Is it possible to catch spring fever in January?

January 12, 2010

By Jane Garrison

If you are a gardener, you probably get a massive case of spring fever every year. The funny thing about it is how early in the year it hits us.Last fall, I remember how pleased I was to do a final yard cleanup — clean out old plants and leaves, and put the garden to bed. I gave a big sigh of relief and came in the house hoping to forget about the pressure from the endless issues outside.

Then, I got curious. When does spring fever start, and is it so illusive that you can make it happen when and if you want to? So, I went out and walked around the yard in early December, and no, spring fever wasn’t there.

Then, I checked it out just before Christmas, and I could sort of feel it. I saw big buds on the hydrangea vine and on the star magnolia — not enough to push me over the edge, though. I checked out the yard just before the new year, and I could see the sedum autumn joy breaking the surface of the ground. A spring fever ripple, but I was not there yet. A couple of moles in my yard are feeling it, and they might beg to differ with me.
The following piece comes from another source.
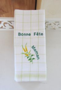 Torchon à careaux vert bonne fête maman mimosa PROMO
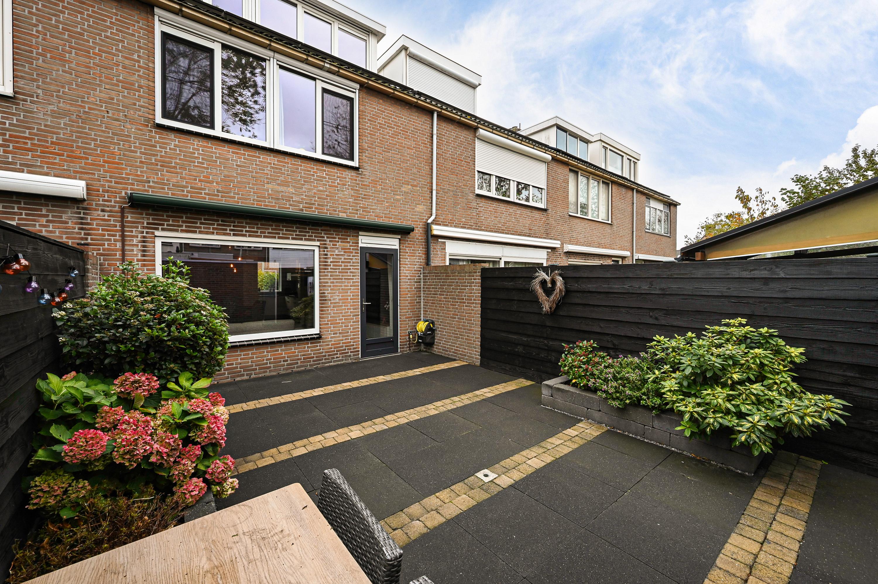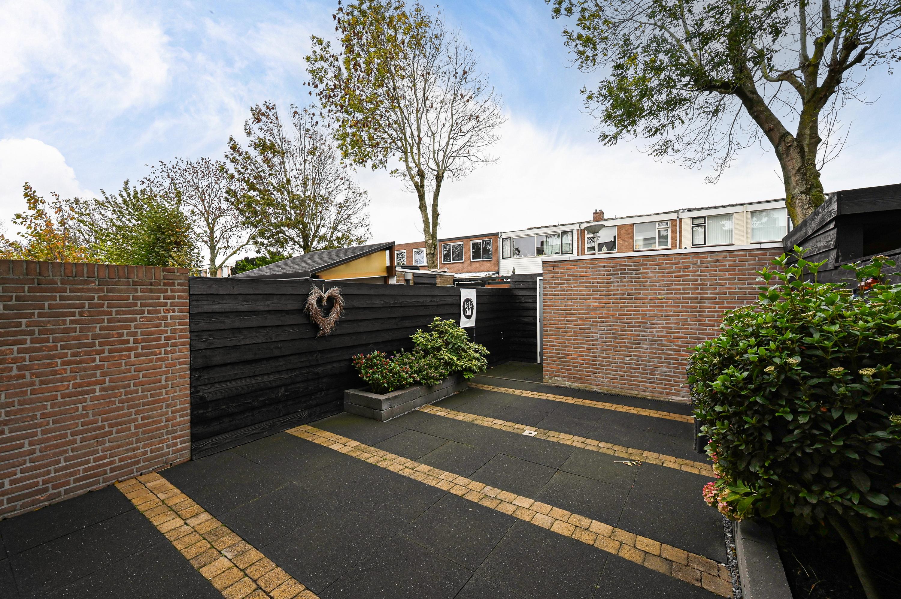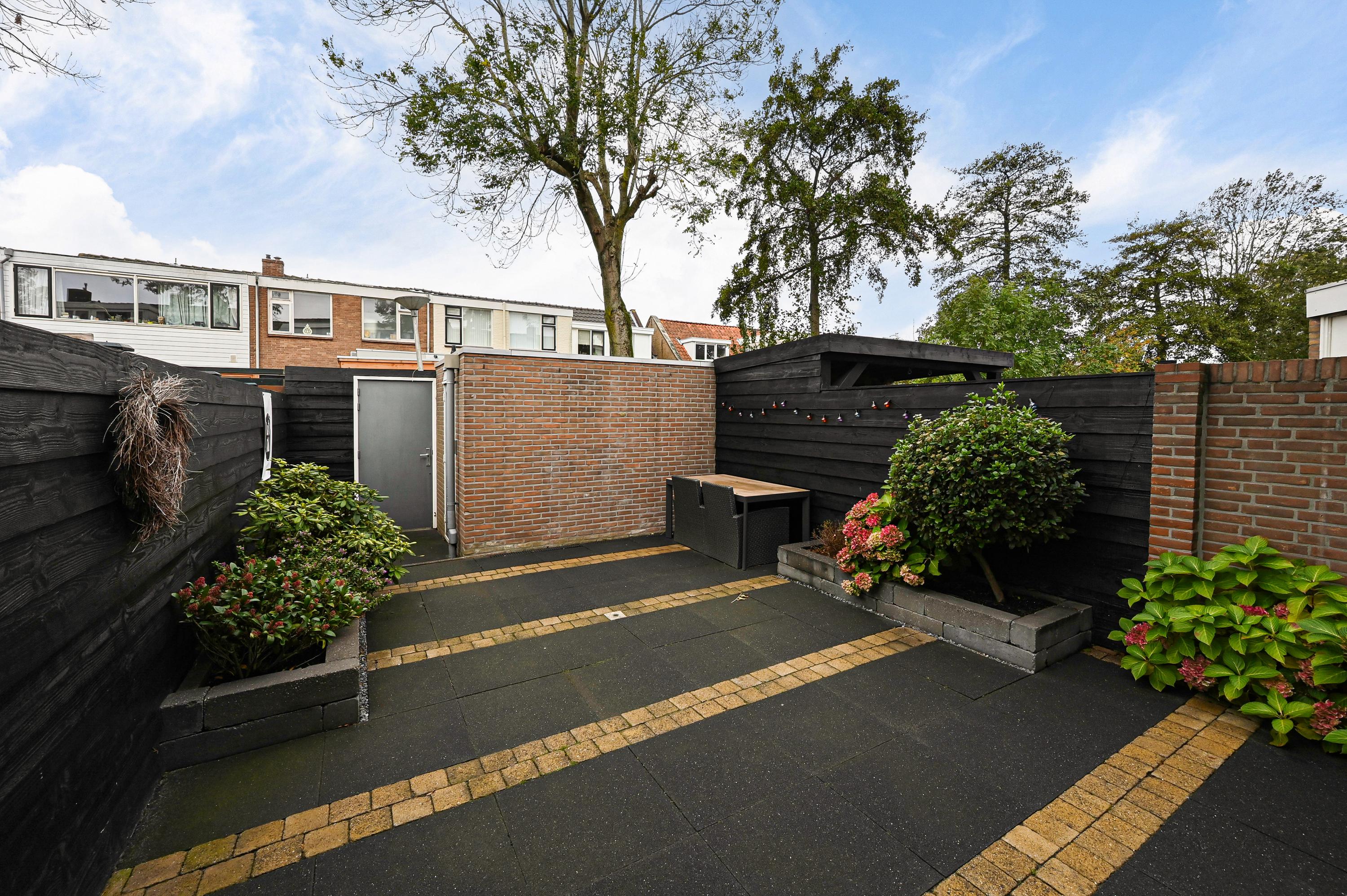 De achtertuin ligt gunstig op de zon, is verzorgd aangelegd met bestrating en beplanting, en beschikt over een praktische berging met vernieuwd dak (2016) en achterom. Aan de voorzijde is ruimte om te parkeren. Dankzij de buitenzonwering en elektrische screens kun je ook op warme dagen comfortabel buiten zitten.

The Territorial Seed Co.’s catalog just came, and that produced a shudder and gleam in the eye. Catalogs are good resources for gardeners. They come at this time of year when you have time to study the good pictures and Latin names, both inspirational and educational.

Good national catalogues include:

4White Flower Farm: beautiful pictures and reliable names of growing plants in the ground.

4Wayside Gardens: nice pictures, but with a focus on flower rather than form.

4John Scheepers Inc: with pictures of all sorts of bulbs.

4Roots & Rhizomes: a lot of pictures of interesting and unusual perennials.

4Steffen’s Clematis: pictures and good growing information, including bloom times.

Good regional catalogues include:

4Edmund’s Roses: beautiful pictures of roses that are grown here for us.

4Territorial Seed Co.: vegetable and flower seed and plants that grow here, with a lot of information.

4Raintree Nursery: wonderful resource for edible plants that will grow here and more information on how to grow them.

If that doesn’t get you going, then check out your yard or the parks. The daffodils will be coming up in my yard by the first of February, and that will really cinch it for me. The peonies will push big, healthy, red buds up through the soil soon. When I see that, I’ll be the victim of spring fever from then on.

I just couldn’t make spring fever happen earlier than scheduled, but I know I’ll be checking out nurseries in January, when I should wait until April or May. I know better, but I just can’t help it.